Se acabaron las negociaciones
Desde que inició el bloqueo, personal del área de gobierno de Política Regional acudió a negociar con los manifestantes para que levantaran la protesta, sin embargo, Libreros Mendoza soslayó que las personas enviadas no tienen la capacidad para resolver problemas, puesto que solo son intermediarios.
“Pedimos que nos venga atender alguien que os de solución a nuestras demandas, el pueblo está exigiendo que se esclarezca el caso y que el presidente municipal actual, que es el sospechoso principal que se destituya de su cargo para que esta línea de investigación se la lleve como cualquier civil, si tiene el valor suficiente, queremos la renuncia del presidente o que el Congreso haga la destitución”.

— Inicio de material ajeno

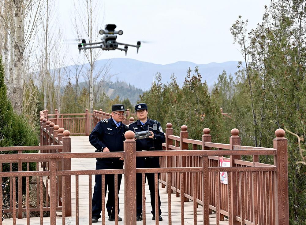伴隨著螺旋槳的嗡鳴聲,無人機(jī)高清鏡頭越過山脊,將進(jìn)山道路、隱蔽角落畫面逐一定格、回傳……大砂溝派出所無人機(jī)操作員陳雪雯一邊切換畫面一邊介紹:“現(xiàn)在,無人機(jī)20分鐘就能覆蓋巡查一個(gè)山頭,哪些地方枯枝堆比較多,哪條小路有人靠近,全都看得一清二楚。”

Recordó que la administración municipal de su hijo José Allan Libreros Alba siempre trabajó de la mano con el gobierno del Estado, sin que hubiera diferencias partidistas o de ideologías, por lo que -consideró- es injusto que no estén brindando la debía atención, “para la fiscalía es un muerto más”, reprochó.
Por separado, agentes de la Guardia Nacional realizaron diversos recorridos en el sitio del bloqueo tomando algunas fotografías y tratando de convencer a los familiares de la víctima a retirar el bloqueo, “aquí ya no se trata de Leonel Libreros, aquí está el pueblo harto de yantan inseguridad”, fustigó el padre del ex alcalde.
Sin embargo, fue hasta 19:30 horas que los agentes federales abrieron un penúltimo diálogo con los protestantes, al no haber acuerdo arribaron medio centenar de policías estatales con equipo antomotines para desalojarlos.
Al paso de algunos minutos, luego de una acalorada discusión, los agentes de Guardia Nacional nuevamente insistieron en convencer a levantar el bloqueo, asegurando que estaban afectando a miles de personas que se desplazan sobre la carretera Perote-Banderilla vía libre, de lo contrario amenazaron con una la fuerza pública.
“Deben de entender que están afectando a miles de personas que viajan en transporte público, los que llevan mercancía o van para sus casas, los invitamos de la manera más atenta a que se retiren, este no es el lugar para hacerlo, pueden ir a manifestarse afuera del palacio de gobierno”, insistió el agente federal.
Al no haber respeta favorable, arribó un segundo grupo de elementos antomotines, con un estimado de 150 policías, lo que ocasionó el enojo de los manifestantes quienes advirtieron que no se retirarían.
En la protesta se encontraban mujeres y menores de edad, por lo que “llegaron al acuerdo” de desplegarse para evitar poner en riesgo a la féminas y niños, aunado a las personas de la tercera edad que se sumaron a la manifestación.
El crimen
La noche del 9 de agosto pasado, Jose Allan Libreros Alba fue emboscado y atacado a balazos cuando se desplazaba en su vehículo Nissan Versa sobre el callejón Del Desierto, en el centro del municipio de Rafael Lucio.
Tras el ataque, los familiares del ex edil lo trasladaron presuntamente con vida, en su automóvil, al Centro de Alta Especialidad (CAE) de Xalapa, donde los galenos únicamente confirmaron que se encontraba sin signos vitales al sufrir tres disparos de arma de fuego: uno en el pecho, otro en la nuca y uno más en la mejilla izquierda.
El día del crimen, a las afueras de Servicios Periciales, Leonel Libreros Mendoza acusó directamente al actual presidente municipal, Damián Hernández Hernández como responsable del atentado y muerte de su hijo, luego de que presuntamente este lo amenazara en múltiples ocasiones a través de mensajes y de manera pública.
Caso contrario, el actual alcalde de Rafael Lucio, Damián Hernández Hernández se deslindó de los problemas de inseguridad en el municipio, al asegurar que no puede destinar recursos a este rubro, ya que descuidaría otras prioridades como educación, agua, limpia pública y salud.